Enamel-lined reactor damage and repair

Enamel reactor enamel damage can be caused by various factors, generally including mechanical damage, impact from working temperatures, processing stress damage, and static puncture.

In cases of mechanical damage, porcelain has poor impact resistance, and any metal or hard object collision can lead to porcelain chipping. Therefore, it is crucial to avoid any metal or hard objects falling into the pot during use. Prevent blockages by using a plastic rod for clearing, and always cover the pot during maintenance checks.

In terms of working temperature impact, the enamel-lined reactor is fired at a high temperature of 900°C, and the porcelain enamel bonds with the steel plate upon cooling. Due to the differing linear expansion coefficients and elongation rates of the porcelain enamel and steel plate, cooling results in compressive stress in the porcelain enamel and tensile stress in the steel plate, which can lead to porcelain cracking during temperature changes. Therefore, when using the enamel-lined reactor, it is necessary to avoid rapid temperature changes, and the heating and cooling processes should be slow and uniform, with staged cooling.

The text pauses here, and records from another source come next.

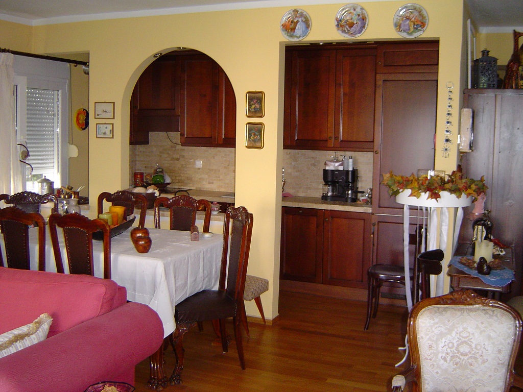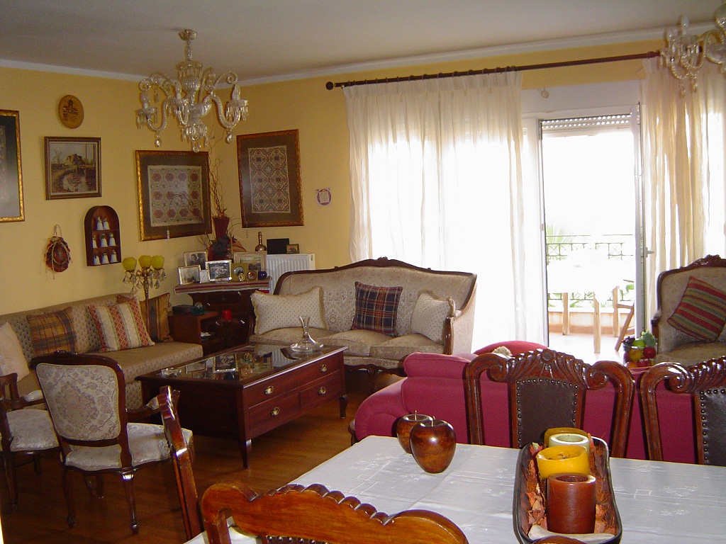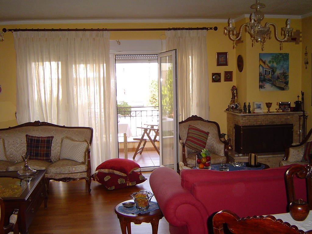For sale apartment with area of 117 sq m in the suburbs of Thessaloniki. The apartment is located on the third floor and consists of 2 bedrooms, living room, one kitchen, 2 bathrooms. The Windows offer views of the sea. The object has a fireplace, air conditioning, heating. The property is sold with furniture. The building is an Elevator. The object has an alarm system. To the property belongs a Parking space, garden.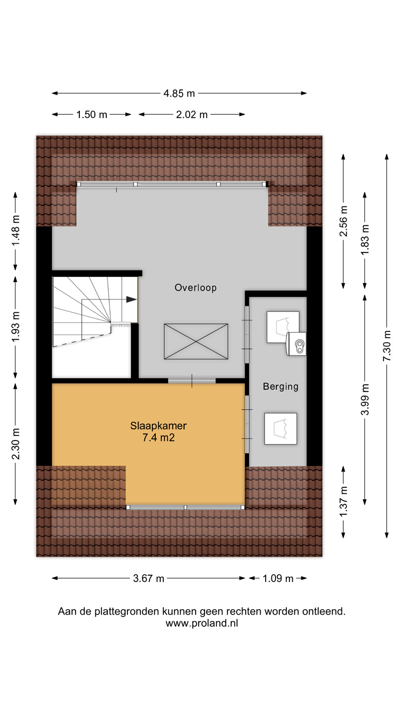 De tweede verdieping is dankzij twee dakkapellen een volwaardige woonlaag. Aan de voorzijde bevindt zich een fijne slaapkamer, terwijl aan de achterzijde een ideale kantoorruimte is gerealiseerd. Tussen deze kamers vind je de opstelplaats voor de CV-installatie en de aansluitingen voor wasmachine en droger.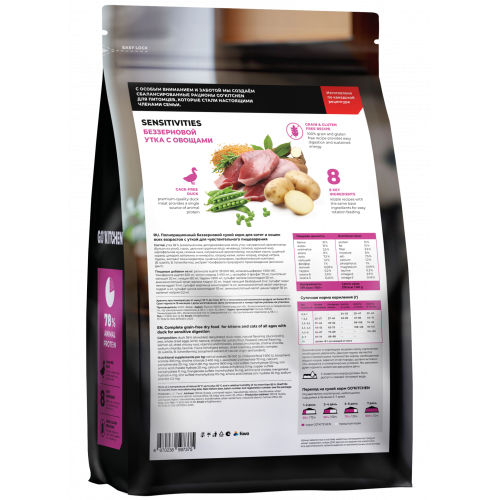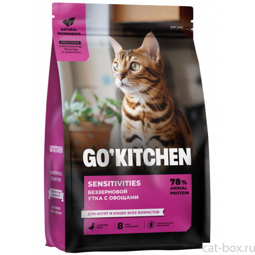 Go`Kitchen Беззерновой корм для котят и кошек всех возрастов с уткой для чувствительного пищеварения, SENSITIVITIES Duck, 0.4кг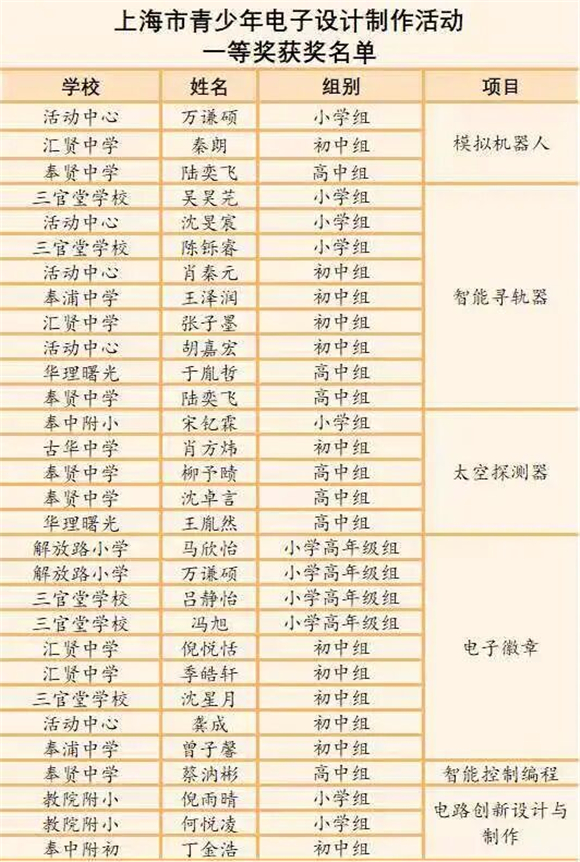 近日,2024年上海市青少年电子设计与制作活动圆满落幕。奉贤区代表队在多个项目斩获佳绩,荣获一等奖30个、二等奖31个、三等奖79个,赛事总成绩位列全市前列。奉贤中学徐春凤等12名教师获评优秀指导教师,奉贤中学、华理曙光、汇贤中学、奉中附初、三官堂学校、解放路小学获评优秀组织学校,奉贤区青少年活动中心获评优秀组织奖。

Extrusion stress damage is caused by the large internal stresses generated during the rolling, stamping, and welding processes. These stresses should be completely eliminated before the enameling process, otherwise, it can lead to porcelain cracking. To prevent porcelain cracking, heat treatment or aging treatment can be applied to the blank.

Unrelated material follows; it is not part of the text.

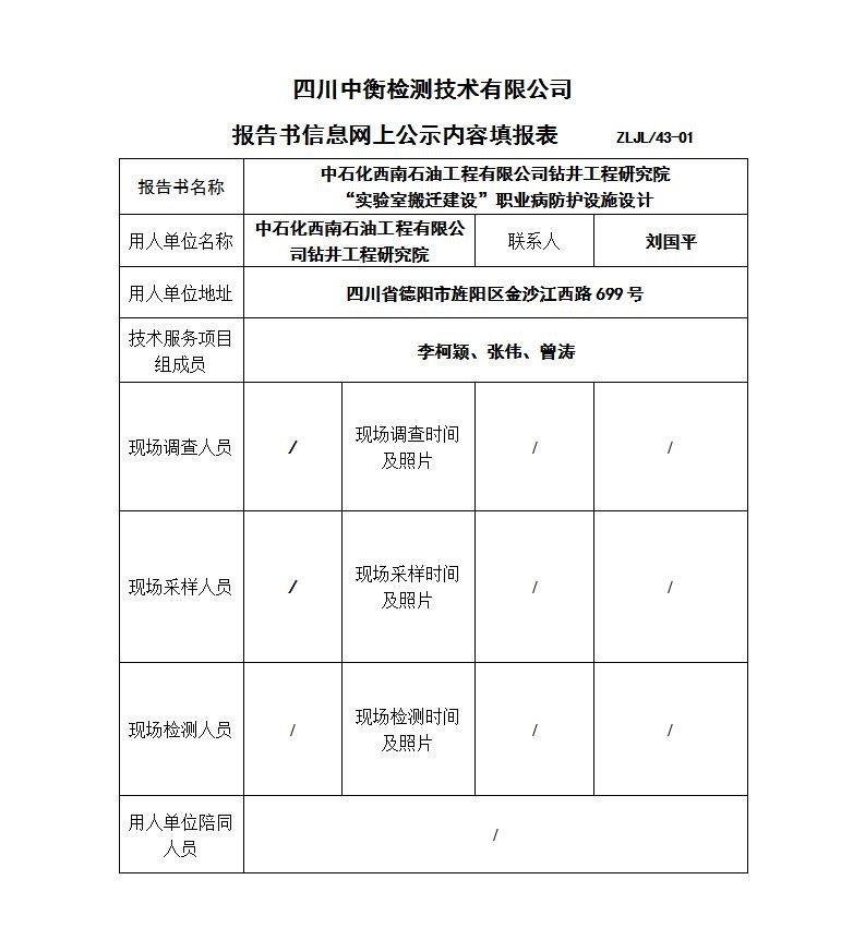 中石化西南石油工程有限公司鉆井工程研究院“實(shí)驗(yàn)室搬遷建設(shè)”職業(yè)病防護(hù)設(shè)施設(shè)計(jì)

Static puncture occurs when the vigorous friction between suspended particles and enameled surfaces generates a significant amount of static charge during the stirring of a suspension, leading to pitting of the enameled surface. Therefore, the stirring speed should not be too fast.

Hydrogen evolution corrosion occurs when the jacket of an enamel-lined kettle becomes scaled and rusty after use. When using acidic descaling agents or when the cooling fluid in the jacket is overly acidic, it can lead to hydrogen evolution corrosion in the metal. To prevent corrosion, a buffer should be added during cleaning to remove scale, and high-quality cleaning agents with low corrosion rates should be used.

Inadequate base materials can lead to reduced porcelain bonding strength and increased risk of porcelain cracking if high-carbon, high-sulfur steel is used for the blank. Therefore, selecting steel with low carbon and sulfur content for the blank can effectively prevent porcelain cracking.

Poor quality of enamel firing; if the rust removal and dust prevention during the enameling process do not meet standards, the bonding between the base glaze and the substrate is poor; or by reducing the number of firing cycles and increasing the thickness of each layer, excessive internal forces are created, affecting the lifespan of the enamel pot. Strict adherence to manufacturing procedures is essential to ensure the quality of the enamel pot.

For the rapid on-site repair of enamel-lined reactor failures, high polymer composite materials can be utilized. This method is simple to operate, cost-effective, and reliable, requiring no equipment disassembly. The repaired unit can be put back into use within 24 hours, suitable for local damage repairs.

High-performance composite materials boast exceptional adhesive strength and excellent compressive resistance, allowing for non-disassembly and non-machining repairs with unlimited thickness. They can absorb equipment impacts and vibrations, preventing further wear. This repair method is gradually replacing traditional methods in the maintenance of enamelled reactors.

For the repair of local wall damage in enamelled reactors, a high molecular compound field repair agent can be used. This agent is based on high molecular polymer, alloy steel powder, or abrasion-resistant ceramic powder, supplemented with a hardener. Compared to common resin repair agents, high molecular compound materials offer greater bonding strength and corrosion resistance, and can penetrate into the metal to form a tight composite material protective layer. This repair agent boasts high chemical stability and excellent physical and mechanical properties, suitable for repairing chemical enamelled equipment. It saves non-ferrous metals, features simple maintenance processes, low costs, short repair times, and is resistant to corrosion and abrasion, making it a valuable option for discussion.

In daily maintenance, establish a robust system of periodic inspections and routine maintenance. Regularly check the enamelled reactor, paying attention to the examination of transmission parts, seals, and agitators. For debris on the enamelling layer, use tools with good flexibility for cleaning. Conduct a thorough check of the agitator, ensuring the tightness of screws and other connecting devices to prevent agitator malfunctions.